3. Limit Context Scope Aggressively

Both Cursor and Claude Code make it incredibly easy to include your entire repository in the context. In Cursor, typing @codebase is a habit. In Claude Code, letting the agent search the whole project is the default.

But sending your whole repository to a model is like hiring a contractor and paying them to read your entire house’s blueprints just to change a lightbulb in the kitchen.

### Rules of Context Engagement:

1. **Avoid `@codebase` for routine edits:** Only use codebase search when you genuinely don't know where a function is defined.
2. **Use `@selection` or `@file`:** Limit the model's sight to the precise files you are editing. If you are changing a React component, there is no reason the model needs to see your database schema or Tailwind configuration.
3. **Ignore node_modules and dist:** Ensure your `.gitignore` and `.cursorignore` files are properly configured. If they are not, AI indexers will scan compiled build files and dependencies, ballooning your token count on every query.

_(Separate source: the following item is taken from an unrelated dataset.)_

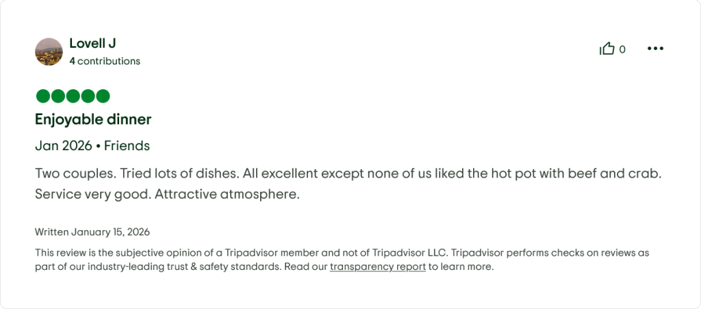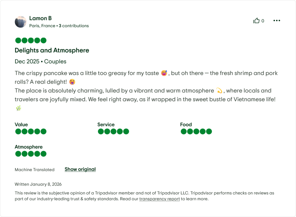 • “Great value for the quality. We spent ~VND 650,000 (~$27) for 2 mains, 2 drinks, and dessert—and left completely satisfied.” — Canadian solo traveler

4. Move Rules to Modular Files

In 2025, developers loved writing massive, 5,000-line global .cursorrules files containing every coding standard, UI pattern, and package configuration they could think of.

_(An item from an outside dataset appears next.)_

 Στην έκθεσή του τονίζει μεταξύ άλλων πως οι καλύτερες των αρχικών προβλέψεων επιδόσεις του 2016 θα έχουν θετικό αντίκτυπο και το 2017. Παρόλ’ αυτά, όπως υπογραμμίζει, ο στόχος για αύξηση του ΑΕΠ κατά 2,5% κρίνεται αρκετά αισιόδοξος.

The problem? That entire 5,000-line file is injected as a system prompt on every single keystroke and query, burning through your premium fast-credit pool or costing you massive API fees.

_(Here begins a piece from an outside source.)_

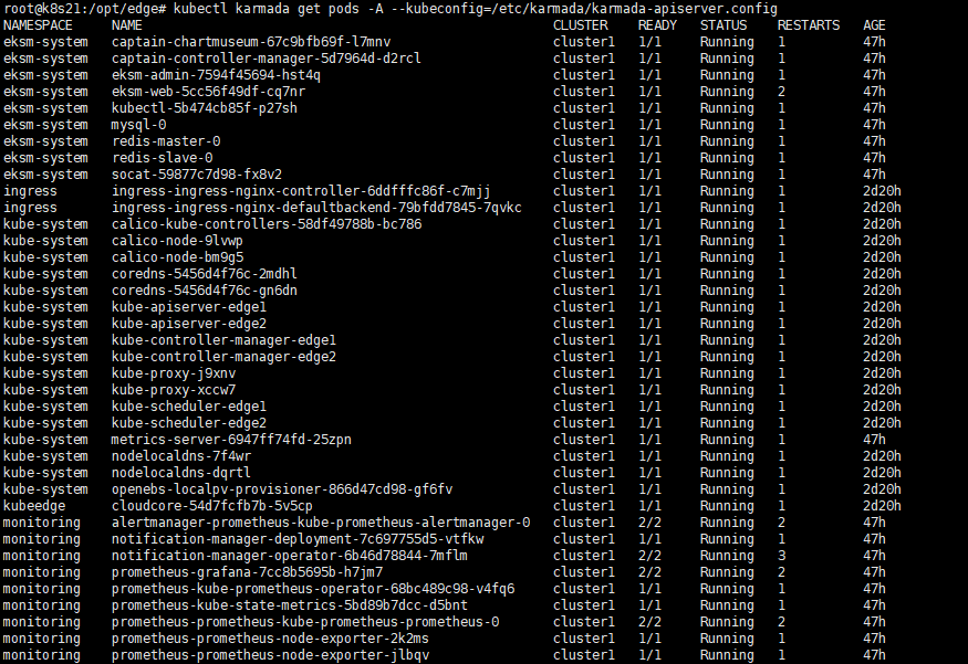 kubectl karmada get pods -A --kubeconfig=/etc/karmada/karmada-apiserver.config

In 2026, Cursor introduced modular rules (scoped folders like .cursor/rules/). You can now write small, targeted rules files that only load under specific conditions:

// Example: .cursor/rules/react-components.mdc
{
  "globs": "src/components/**/*.tsx",
  "description": "Rules for React components and styling"
}

By splitting our massive global rules file into six highly targeted .mdc files, we reduced our baseline system prompt size by 82% for the vast majority of our queries. The styling rules only load when we edit CSS/TSX; the database rules only load when we edit Prisma/SQL files.

5. Implement a Hybrid “Ask → Inline → Debug” Workflow

Agentic modes (like Cursor’s Composer or Claude Code’s autonomous loops) are extremely powerful, but they are cost-heavy because they make multiple API calls to self-correct. For minor edits, using a full agent is overkill.

We trained our team on a hybrid workflow that matches the tool to the task:

Use Chat for Architecture & Logic: Ask the chat agent to explain a concept or write a high-level plan. This is a single, inexpensive query-response turn.
Use Inline Edit (Cmd+K) for Implementation: Once you have the plan, highlight the specific block of code you want to change, hit Cmd+K (or equivalent inline editor), and describe the change. Inline models are highly optimized, use far less context history, and apply modifications directly.
Use Agent Mode ONLY for System-Wide Changes: Reserve the fully autonomous agent loops for complex refactoring that spans three or more files, or when hunting a tricky bug that requires running active test commands in the terminal.

6. Configure Local Offline Fallbacks

Not every task requires a frontier model like Claude 3.5 Sonnet or GPT-5. If you are writing standard boilerplate, generating basic test structures, or converting an array format, you are wasting money using a premium model.

We set up Ollama on our local developer machines, running DeepSeek-Coder-V2 (16B) and Llama-3-70B.

Routine Coding (Local): For day-to-day autocomplete, documentation drafting, and boilerplate, we switch our local editor models to our offline Ollama instances. They cost zero dollars, run at zero latency, and handle routine tasks beautifully.
Complex Reasoning (Cloud): We reserve our premium Claude API keys for the hard problems—architectural decisions, security reviews, and multi-file debugging.

The Verdict: Reclaiming Your Budgets

By treating our API consumption like any other engineering bottleneck—measuring it, identifying waste, and applying technical optimizations—we transformed our AI tools from a luxury spend into a highly profitable utility.

You do not have to stop using agents to save money. You just have to stop sending them dead context, use modular rules, and let prompt caching do the heavy lifting.

Your development speed will stay exactly the same. Your finance lead, however, will be much happier.